§ **What is being asked**: An exact copy of the data below is needed; please leave out any pictures.

[Excerpts from a dataset]
Start of Block

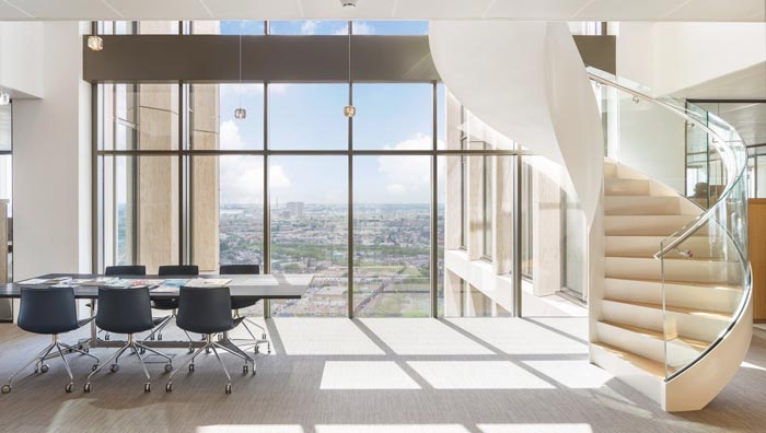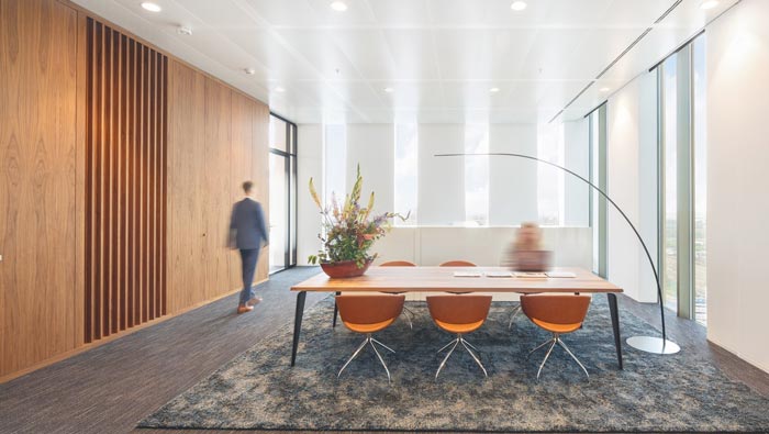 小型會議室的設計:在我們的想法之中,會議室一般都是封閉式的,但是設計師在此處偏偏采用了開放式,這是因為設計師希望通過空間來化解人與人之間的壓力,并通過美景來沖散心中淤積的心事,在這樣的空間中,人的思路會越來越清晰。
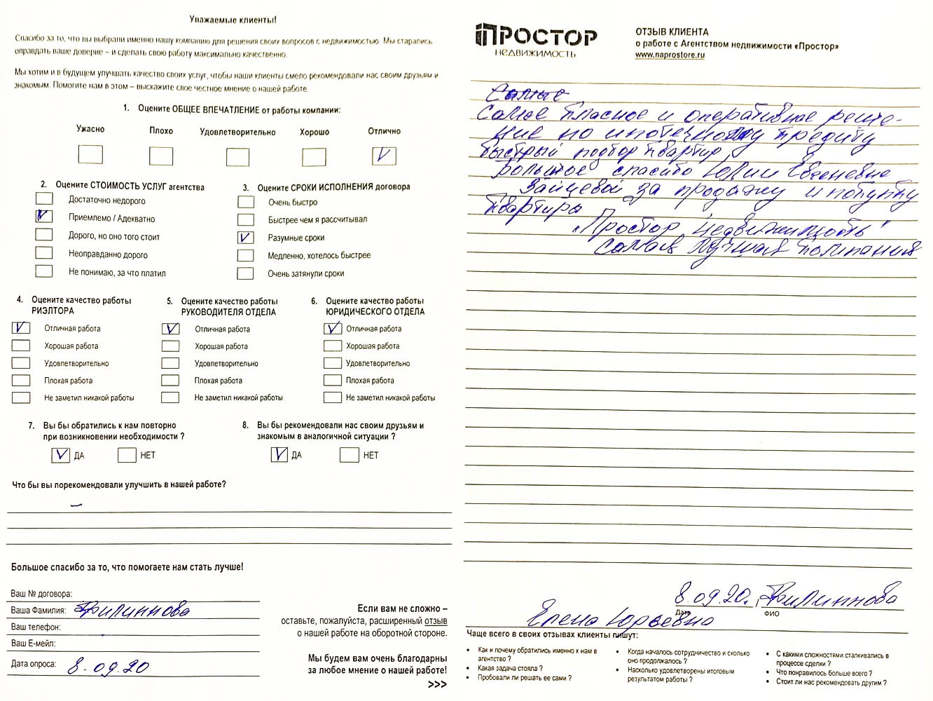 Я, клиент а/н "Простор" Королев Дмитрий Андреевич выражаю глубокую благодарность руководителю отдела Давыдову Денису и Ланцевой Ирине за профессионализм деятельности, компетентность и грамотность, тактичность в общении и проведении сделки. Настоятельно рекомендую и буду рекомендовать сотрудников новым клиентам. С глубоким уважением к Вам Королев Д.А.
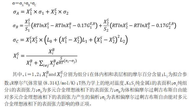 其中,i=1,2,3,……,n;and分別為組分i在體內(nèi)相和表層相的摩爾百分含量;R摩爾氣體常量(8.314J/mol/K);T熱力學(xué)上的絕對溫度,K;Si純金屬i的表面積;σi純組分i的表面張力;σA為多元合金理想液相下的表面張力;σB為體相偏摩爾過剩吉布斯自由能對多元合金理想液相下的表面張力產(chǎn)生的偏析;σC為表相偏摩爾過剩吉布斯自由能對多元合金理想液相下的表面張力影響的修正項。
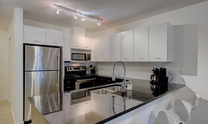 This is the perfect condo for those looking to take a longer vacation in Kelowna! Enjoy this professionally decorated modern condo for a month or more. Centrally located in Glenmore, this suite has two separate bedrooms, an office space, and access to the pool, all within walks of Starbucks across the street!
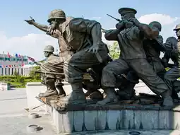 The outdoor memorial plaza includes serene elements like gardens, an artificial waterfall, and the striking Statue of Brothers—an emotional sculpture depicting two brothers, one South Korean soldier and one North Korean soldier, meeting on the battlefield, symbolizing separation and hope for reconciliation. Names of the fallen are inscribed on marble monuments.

End of Block

§ **Solution below**:
 小型會議室的設計:在我們的想法之中,會議室一般都是封閉式的,但是設計師在此處偏偏采用了開放式,這是因為設計師希望通過空間來化解人與人之間的壓力,并通過美景來沖散心中淤積的心事,在這樣的空間中,人的思路會越來越清晰。
 Я, клиент а/н "Простор" Королев Дмитрий Андреевич выражаю глубокую благодарность руководителю отдела Давыдову Денису и Ланцевой Ирине за профессионализм деятельности, компетентность и грамотность, тактичность в общении и проведении сделки. Настоятельно рекомендую и буду рекомендовать сотрудников новым клиентам. С глубоким уважением к Вам Королев Д.А.
 其中,i=1,2,3,……,n;and分別為組分i在體內(nèi)相和表層相的摩爾百分含量;R摩爾氣體常量(8.314J/mol/K);T熱力學(xué)上的絕對溫度,K;Si純金屬i的表面積;σi純組分i的表面張力;σA為多元合金理想液相下的表面張力;σB為體相偏摩爾過剩吉布斯自由能對多元合金理想液相下的表面張力產(chǎn)生的偏析;σC為表相偏摩爾過剩吉布斯自由能對多元合金理想液相下的表面張力影響的修正項。
 This is the perfect condo for those looking to take a longer vacation in Kelowna! Enjoy this professionally decorated modern condo for a month or more. Centrally located in Glenmore, this suite has two separate bedrooms, an office space, and access to the pool, all within walks of Starbucks across the street!
 The outdoor memorial plaza includes serene elements like gardens, an artificial waterfall, and the striking Statue of Brothers—an emotional sculpture depicting two brothers, one South Korean soldier and one North Korean soldier, meeting on the battlefield, symbolizing separation and hope for reconciliation. Names of the fallen are inscribed on marble monuments.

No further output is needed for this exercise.